Keizerin Elisabeth van Oostenrijk.
Voor eenige weken werd de heele wereld pijnlijk opgeschrikt door de tijding, dat de keizerin van Oostenrijk te Genève onder het moordwapen van een Italiaanschen anarchist was gevallen. Bij die pijnlijke gewaarwording voegde zich oprechte verontwaardiging over een zoo laffen aanslag, want in keizerin Elisabeth beschouwde men sinds lang niet meer de vorstin, omgeven door een schitterenden hofstoet, maar zag men enkel meer de treurende moeder, van het eene land naar het andere dwalend om balsem te zoeken voor haar schrijnend leed. De aanslag op Oostenrijks keizerin was meer nog een aanslag tegen de menschelijkheid dan een politieke misdaad, en daarom vooral was de deelneming zoo innig, de verontwaardiging zoo algemeen.
h.m. keizerin elisabeth van oostenrijk,
† 10 September 1898.
Wie had kunnen denken, dat de vroolijke, levenslustige Beiersche prinses, op nauwelijks zeventienjarigen leeftijd op een der machtigste tronen van Europa verheven, een zoo treurig uiteinde zou vinden, na te voren door de zwaarste slagen te zijn getroffen? Den 23en April 1854 hield zij haar zegevierenden intocht binnen Weenen, als op de handen gedragen door het Oostenrijksche volk, betooverd door haar jeugdige, aanvallige schoonheid, en den volgenden dag werd zij door kardinaal Rauscher in den echt verbonden met keizer Frans Jozef. Heel het trouwe Oostenrijksche volk jubelde, en een schitterende toekomst scheen zich voor de jonge keizerin te ontsluiten, aangebeden door haar ridderlijken gemaal, vereerd door al hare onderdanen.
Helaas! dat die schoone geluksdroom reeds zoo spoedig verstoord moest worden, eerst door staatkundige, daarna door familieslagen, die elkaar onverpoosd opvolgden. Deze laatste troffen het hardst. De eene zuster der keizerin was Marie Sophie, de ongelukkige onttroonde koningin van Napels, die na de heldhaftige verdediging van Gaëta als balling door Europa zwierf; de andere de hertogin van Alençon, die het vorig jaar op zoo tragische wijze omkwam bij den brand van den Weldadigheidsbazaar te Parijs.

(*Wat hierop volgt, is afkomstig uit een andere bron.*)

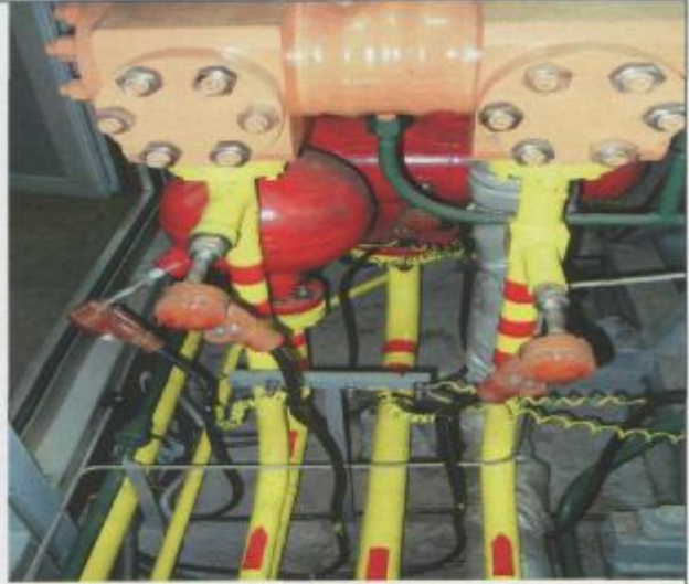
Фото 10: Система межступенчатого охлаждения газа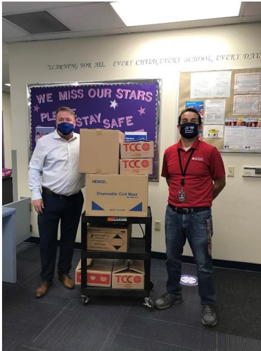
Director de la escuela intermedia Estrella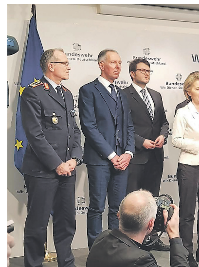
„Die Cyberagentur ist Leipzigs Chance, Innovation zu werden.“ Jens Lehmann zusammen mit Bundesverteidigungsministerin von der Leyen und den Ministern der Verkündung des zukünftigen Standortes der

Das verstehe ich als meine Aufgabe als Politiker – Kontakte unter Fachleuten herzustellen, damit zukunftsweisende Ideen von der Politik gefördert und für die Menschen in die Wirklichkeit umgesetzt werden können.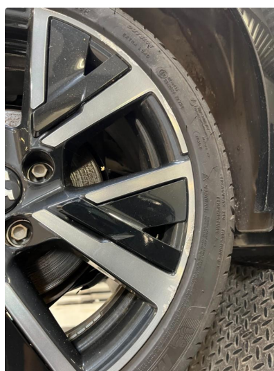
1.3 Kantkjørt felg Diamond Cut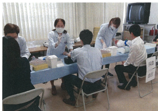
社内実施の健診の様子

経営トップが健康づくりの重要性を全社員に発信し、社員一人ひとりに向き合いメンタルケアに携わるなど積極的に関与。産業医や保健師と連携した施策実行に加え、次年度からは健保組合との連携体制強化を目指しています。全社員参加による取り組みを展開するほか、健診や専門スタッフによる健康相談の充実化にも力を入れています。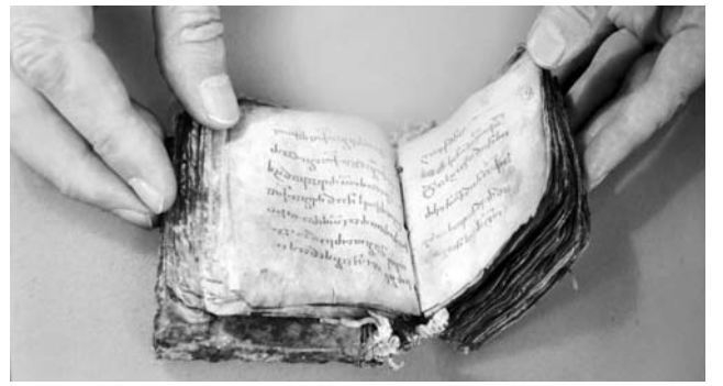
დროს პალესტინის მონასტრებში შექმნილი ხელნაწერებიც. ხელნაწერთა ეროვნული ცენტრის მიზანია, გაავრცელოს სამუშაოები, რომელიც აქამდე, მე-19 საუკუნიდან მე-20 საუკუნის ჩათვლით, იყო ჩატარებული. ამ კოლექციის კატალოგიზების და შესწავლის თვალსაზრისით, დღეს პირველად ამოცანათა შორის ერთიანი მონაცემთა ბაზის შექმნა ქართულ და ინგლისურ ენებზე, ასევე, ქართულ ხელნაწერთა ერთიანებული კატალოგის გამოცემა.“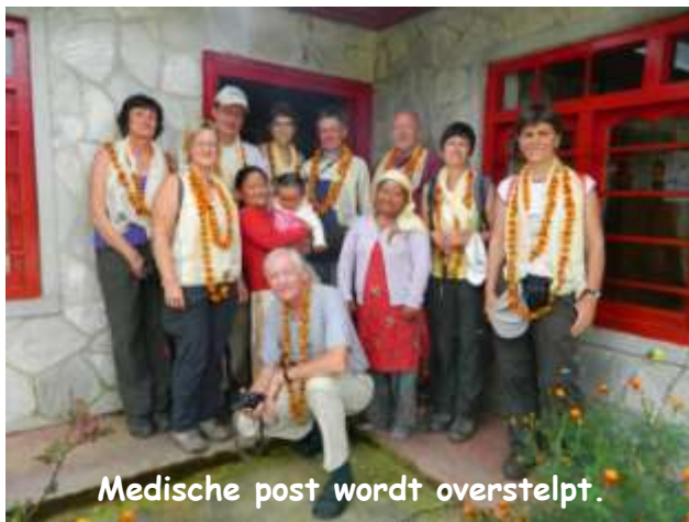
Medische post wordt overstelpt.

In Chitre blijven we 4 dagen, we bezoeken er het medisch centrum, tandartskabinet en labo en natuurlijk het schooltje... daar is er een soort "Vlaamse kermis" georganiseerd en moeten we zelfs deelnemen aan kampioenschappen touwtrekken (zie coverfoto) en stoelendans (de Belgen tegen de dorpsbewoners)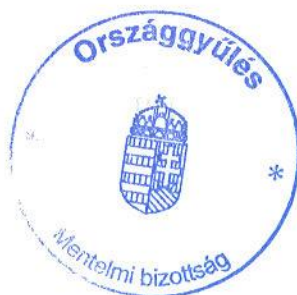
..... Mentelmi bizottság munkatársa átvevő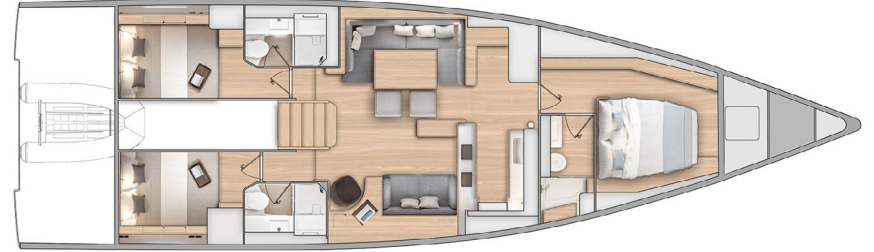
LOWER DECK - 3 CABINS / 3 HEADS + SAIL LOCKER PONT INFERIEUR - 3 CABINES / 3 SALLES D'EAU + SOUTE A VOILES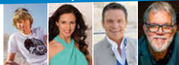
Mickie Krause, Anita Hofmann, Stefan Mross und Wolfgang Trepper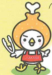
うさからくん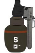
Grenade ASSD assourdissante

Les armes de la police et de la gendarmerie et leurs munitions.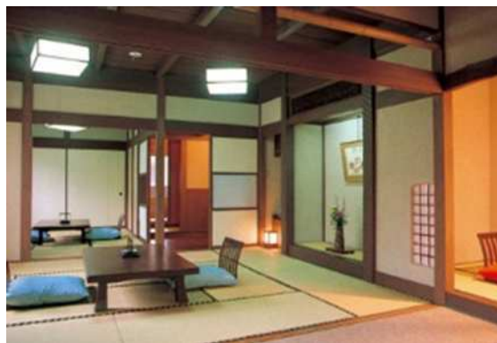
実篤の間(いづみ荘 HP から引用)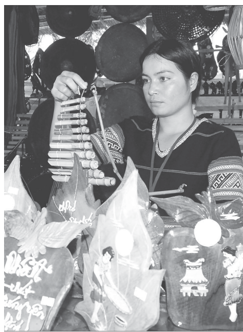
Hàng mỹ nghệ của HTX Linh H'Nga Chư Sê.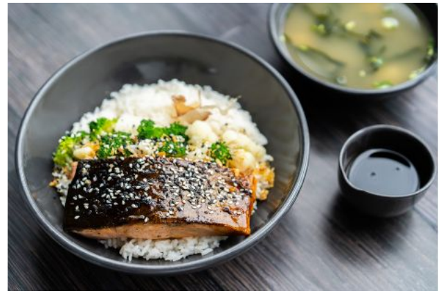
4 GRILLED TERIYAKI SALMON + MISO SOUP 200 Salmon, teriyaki sauce, steamed rice or steamed vegetables ข้าวหน้าปลาแซลมอนย่างเทริยากิ + ซุปมิโซะ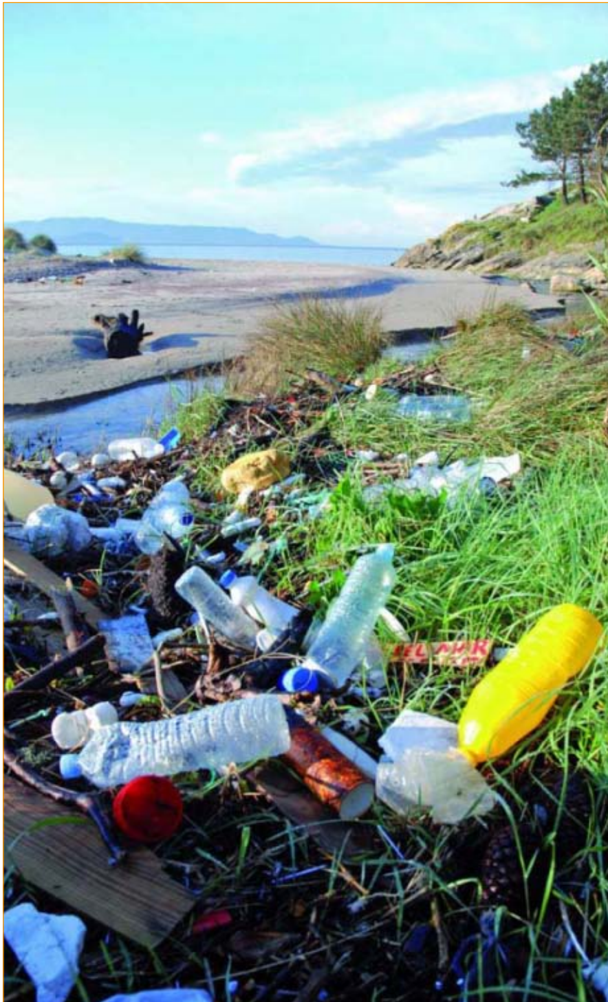
O lixo segue presente en moitos dos nosos espazos naturais

Pensar que o problema do lixo está solucionado por haber catro contentores nas rúas e outros tantos no fogar é unha ilusión que non nos podemos permitir. Cando sexamos quen de ir reducindo paulatinamente a nosa produción de residuos até o mínimo e darlle novas oportunidades a cada unha das fraccións, poderemos dicir que a cousa vai no bo camiño. Entón, esa capacidade permitiranos afirmar que vivimos nunha sociedade avanzada e moderna.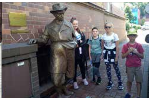
Trzynastkowicze przed wejściem do MHK uwiecznili się na fotografii wraz ze sławnym WITKACYM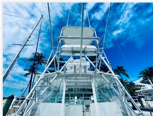
3_1999 31ft Cabo 31 Open SEA SQUIRREL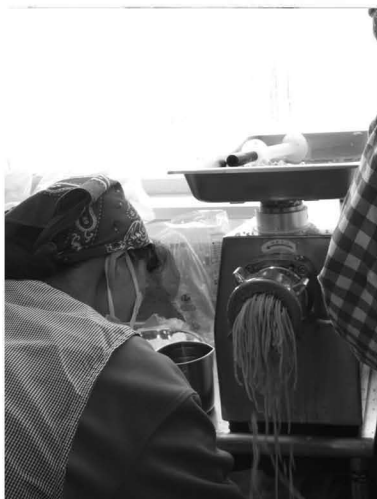
JA女性部味噌作り実施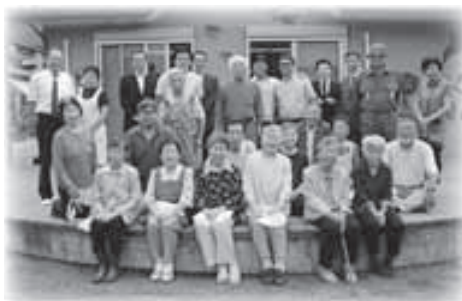
▲来年も元気で会いましょうね！

くれるので、こうして何とかやっちよるよ。」 高齢化率が9割近い八島では、住民同士の助け合いが不可欠なんです。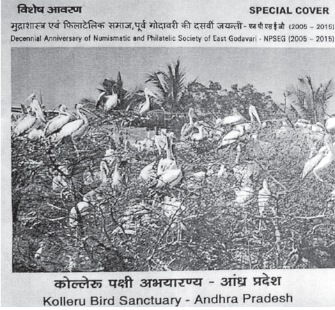
कोल्लेरू पक्षी अभयारण्य - आंध्र प्रदेश Kolleru Bird Sanctuary - Andhra Pradesh

हिवाळ्यात असंख्य स्थलांतरित पक्षी या तलावावर आश्रयास येतात. त्यात ग्लाॅसी आयबिस, पेंटेड स्टॉर्क, ग्रे पेलिकन्स, एशियन ओपन बिल स्टॉर्क्स, व्हाइट आयबीस, टील्स, पीनटेल्स, शॉव्हेलर्स, रेड क्रेस्टेड पोचार्ड, ब्लॅक विंग स्टिल्ट, अॅव्होसेट, विजन्स, गडवाल्स, कॉर्मोरंट्स, रेड शॅक्स, गार्गनी, हेरॉन्स व फ्लेमिंगोज इ. या तळ्यात २ लाखांच्या संख्येने स्थानिक व स्थलांतरित पक्षी आश्रयास येतात. हे तळे त्यांचे महत्त्वाचे वसतिस्थान आहे. म्हणून नोव्हेंबर १९९९ मध्ये वन्यजीव संरक्षण कायदा १९७२ अंतर्गत या तळ्यास वन्यजीव अभयारण्य म्हणून घोषित केले गेले व नोव्हेंबर २००२ मध्ये आंतरराष्ट्रीय रामसर योजने अंतर्गत महत्त्वाच्या पाणथळ क्षेत्रांच्या यादीत समावेश केला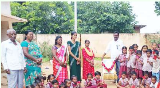
అక్షర విజేత కొండపాక ఉపాధ్యాయ దినోత్సవ జరిపారు.కొండపాక,దమ్మకర్పల్లి,మర్పదగ, దుద్దెర వేడుకలను మండలంలోని పలు పాఠశాలల్లో వెలికట్ల తదితర పాఠశాలల్లో కార్యక్రమాల గురువారం ఘనంగా నిర్వహించారు. ఈ సందర్భంగా విద్యార్థులు ఆయా స్థలంగా సర్వేపల్లి రాధాకృష్ణ ఛోటోకు నంద పాఠశాలలో ఉపాధ్యాయులను సత్కరించారు. పలు మాలలు వేసి జయంతి వేడుకలు పాఠశాలలో ప్రత్యేక కార్యక్రమాలు నిర్వహించారు.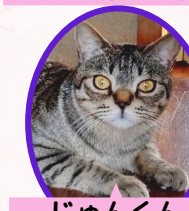
じゅんくん 2歳 去勢済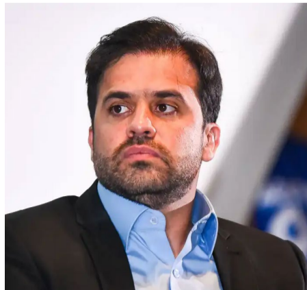
Pablo Marçal (PRTB/São Paulo)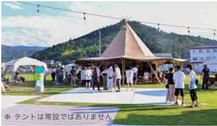
※ テントは常設ではありません

は南側に広がる芝生広場です。大きさは約2000平方メートルで、ピクニックやペットとの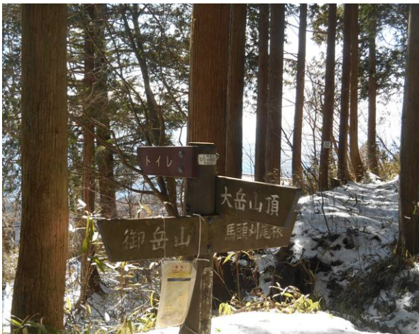
大岳山荘跡付近の広場 すぐ側の建物は 廃屋のようですが、その下側に新しい 大きな建物があつた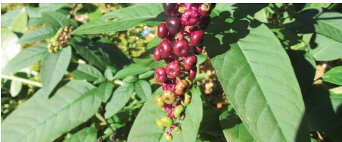
Plod navadne barvilnice

Haar schoonbroeder Maximiliaan had, verlokt door den glans der kroon, zich laten bewegen, in de nieuwe wereld een keizerrijk te stichten, - een keizerrijk van één dag, dat te Queretaro onderging met de terechtstelling van den jongen en edelen vorst. Maar de zwaarste slag was de treurige dood van haar zoon Rudolf in het ontzettende drama van Mayerling, - een onopgelost raadsel.
Hiermee was de maat vol van hetgeen die arme moeder dragen kon. Haar uitgestrekt rijk werd haar te eng, zij vond geen genoegen meer aan het hof, en zelfs het Hongaarsche land, dat zij zoozeer had liefgehad, ontvluchtte zij. Enkel aan den oever der wijde, wijde zee kon zij meer leven, alleen met zich zelf, met hare smartelijke herinneringen. Maar rust kende en vond zij ook thans niet; van het eene strand zwierf zij naar het andere, altijd in diepen rouw gekleed, overal met deernis en eerbiedig medelijden begroet.
En deze vrouw, deze treurende moeder koos een ellendeling uit als het slachtoffer van zijn krankzinnigen haat; haar stiet hij het vlijmende staal in het hart, dat na weinige minuten een einde aan haar veelbewogen leven maakte.
Laten wij hopen, dat God zich over deze vorstelijke vrouw, die zoo ruim haar aandeel heeft gehad in de menschelijke ellende, ontfermd en haar opgenomen heeft in Zijn Hemel, waar zij thans de rust smaakt, die zij hier op aarde niet vinden kon. Moge God ook den edelen keizer Frans Jozef bijstaan, die met echt christelijke gelatenheid de nieuwe beproeving heeft aanvaard, welke de Voorzienigheid hem overzond, en waarvoor hij althans eenige verzachting heeft gevonden in de algemeene en hartelijke deelneming, hem door zijn trouw volk betoond.